SUPPLIED RECORDS Start Marker

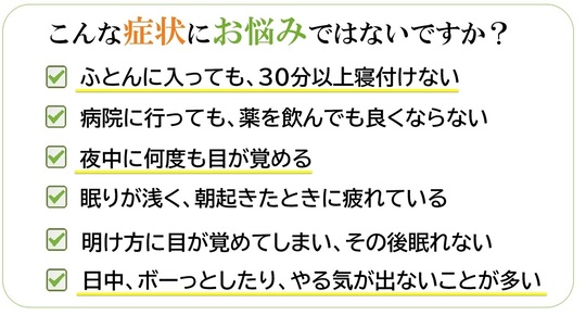 就寝、起床時間を一定にする、寝る前にカフェインをとらない、ストレス発散など、心がけ次第でできることもありますが、不眠の方の多くは、「やれることはやっているけれど、眠れない」と悩んでいます。
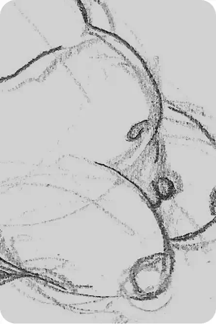 Création d'un croquis au crayon HB sur du papier à grain épais.
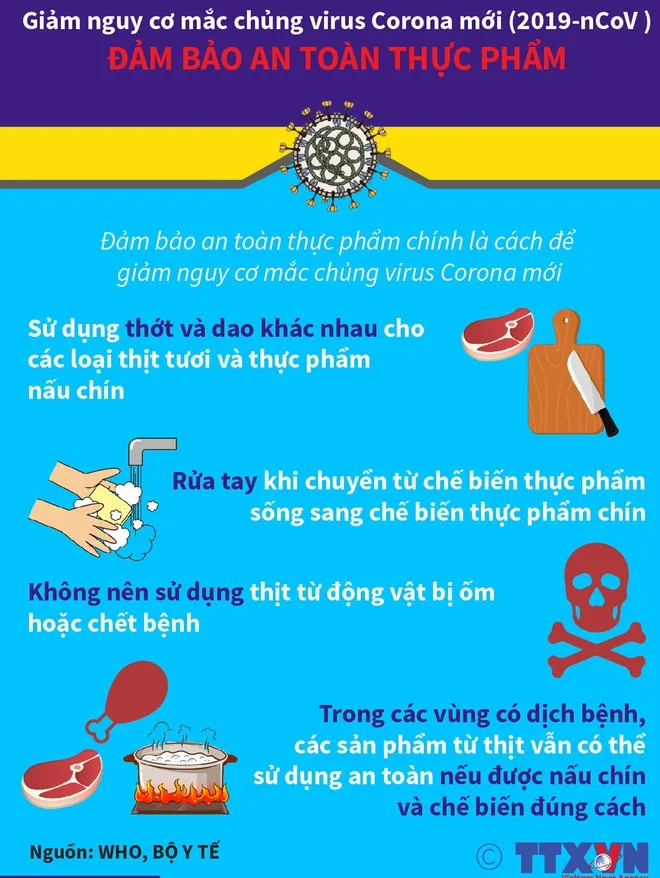 Nấu chín kỹ thức ăn từ thịt và trứng. Không sử dụng thịt từ động vật bị ốm hoặc chết bệnh. Sử dụng thớt và dao khác nhau cho các loại thịt tươi và thực phẩm nấu chín và Không tiếp xúc với động vật hoang dã hoặc vật nuôi mà không có độ phòng hộ.
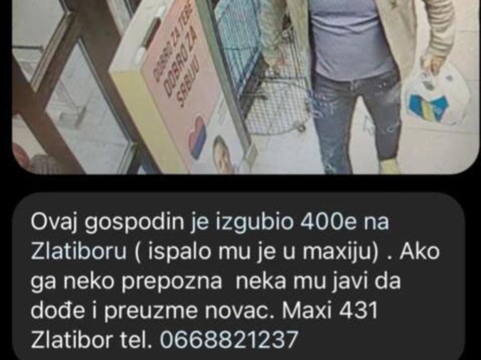 Muškarac iz Kraljeva u subotu je u jednoj prodavnici na Zlatiboru izgubio 400 evra, nakon čega se cela Srbija udružila da se on nađe kako bi mu se novac vratio, što je na kraju i urodilo plodom - piše Kurir.
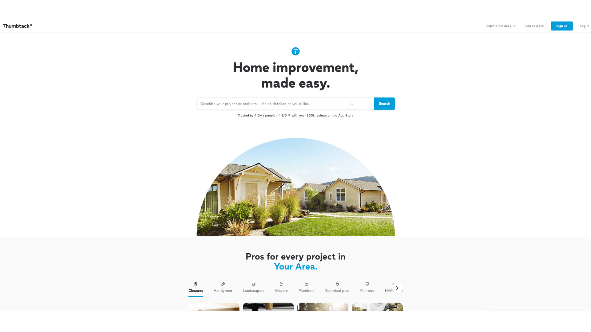 Thumbtack is one of the most recognized local-services marketplaces in the U.S., connecting millions of homeowners with skilled pros nationwide. The company is valued at $2B+, supports 1,000+ service categories, and facilitates tens of millions of service requests across home improvement, wellness, events, and education each year.
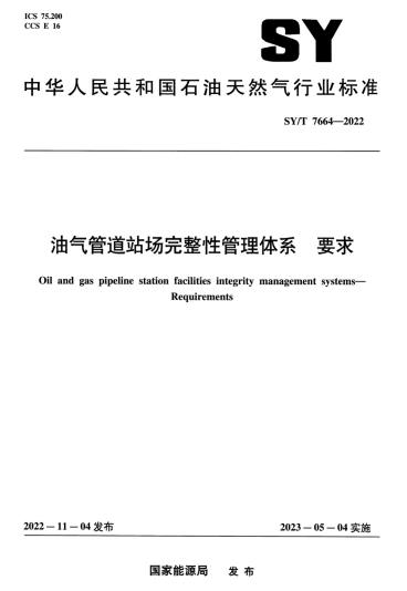 SY/T 7664-2022 油氣管道站場完整性管理體系 要求:本文件規(guī)定了油氣管道站場構(gòu)建完整性管理體系的基本要求,用于指導(dǎo)企業(yè)建立站場完整性管理體系,實施完整性管理工作,提高設(shè)備設(shè)施安全性,可靠性、經(jīng)濟(jì)性運行水平,持續(xù)改進(jìn)管理績效。
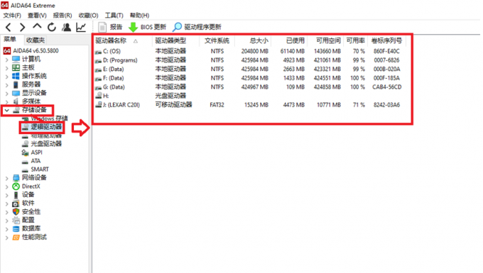 在AIDA64中,依次点击存储设备,逻辑驱动器,就可以查看所有逻辑驱动器的空间使用情况。
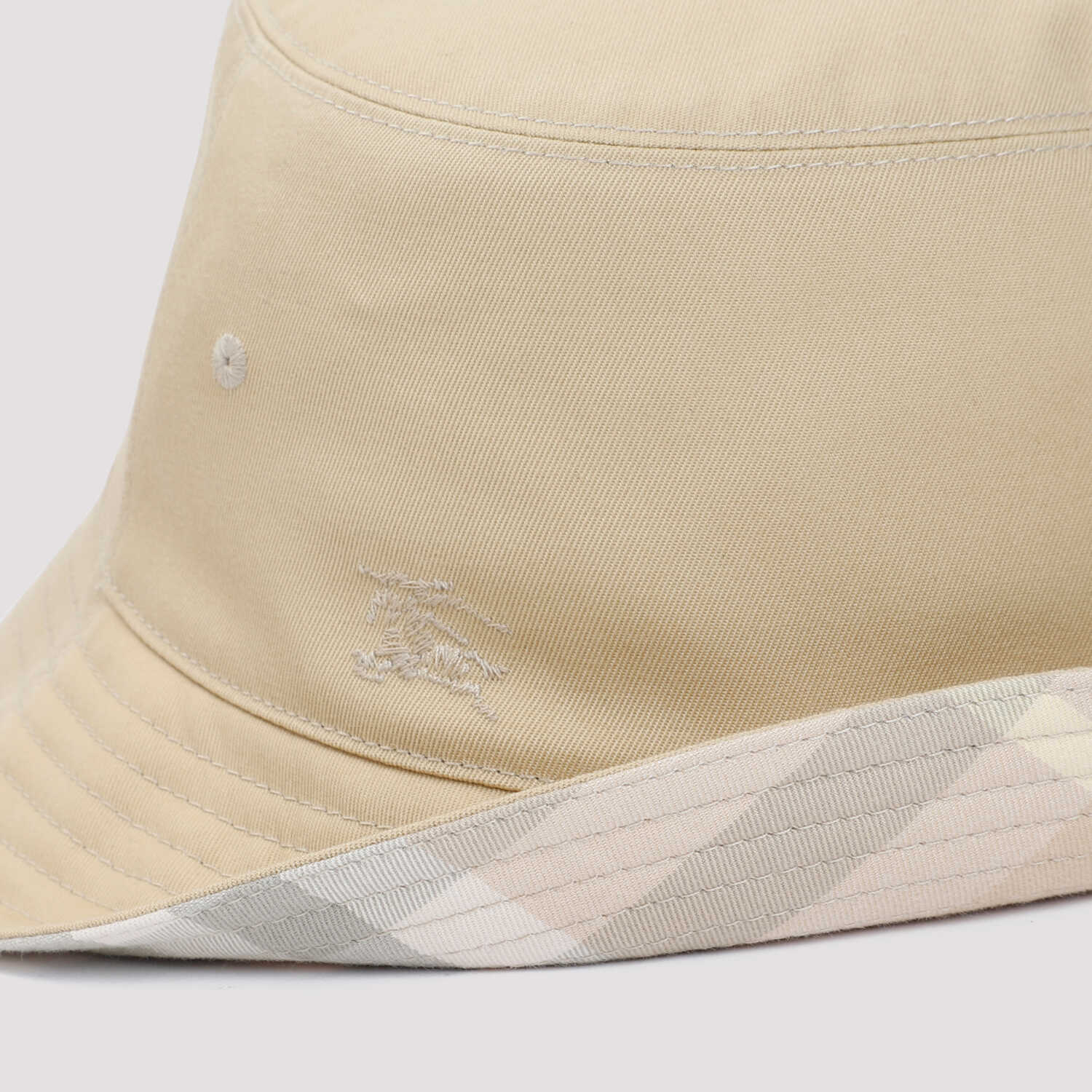 Burberry Flax Beige Bucket Hat. Crafted in polyester and cotton blend, tonal stitching, bucket deisgn.

SUPPLIED RECORDS End Marker

__ACTION ITEM__:
Each line of the material above should be set down exactly, with no pictures.

__RESPONSE BELOW__:
 就寝、起床時間を一定にする、寝る前にカフェインをとらない、ストレス発散など、心がけ次第でできることもありますが、不眠の方の多くは、「やれることはやっているけれど、眠れない」と悩んでいます。
 Création d'un croquis au crayon HB sur du papier à grain épais.
 Nấu chín kỹ thức ăn từ thịt và trứng. Không sử dụng thịt từ động vật bị ốm hoặc chết bệnh. Sử dụng thớt và dao khác nhau cho các loại thịt tươi và thực phẩm nấu chín và Không tiếp xúc với động vật hoang dã hoặc vật nuôi mà không có độ phòng hộ.
 Muškarac iz Kraljeva u subotu je u jednoj prodavnici na Zlatiboru izgubio 400 evra, nakon čega se cela Srbija udružila da se on nađe kako bi mu se novac vratio, što je na kraju i urodilo plodom - piše Kurir.
 Thumbtack is one of the most recognized local-services marketplaces in the U.S., connecting millions of homeowners with skilled pros nationwide. The company is valued at $2B+, supports 1,000+ service categories, and facilitates tens of millions of service requests across home improvement, wellness, events, and education each year.
 SY/T 7664-2022 油氣管道站場完整性管理體系 要求:本文件規(guī)定了油氣管道站場構(gòu)建完整性管理體系的基本要求,用于指導(dǎo)企業(yè)建立站場完整性管理體系,實施完整性管理工作,提高設(shè)備設(shè)施安全性,可靠性、經(jīng)濟(jì)性運行水平,持續(xù)改進(jìn)管理績效。
 在AIDA64中,依次点击存储设备,逻辑驱动器,就可以查看所有逻辑驱动器的空间使用情况。
 Burberry Flax Beige Bucket Hat. Crafted in polyester and cotton blend, tonal stitching, bucket deisgn.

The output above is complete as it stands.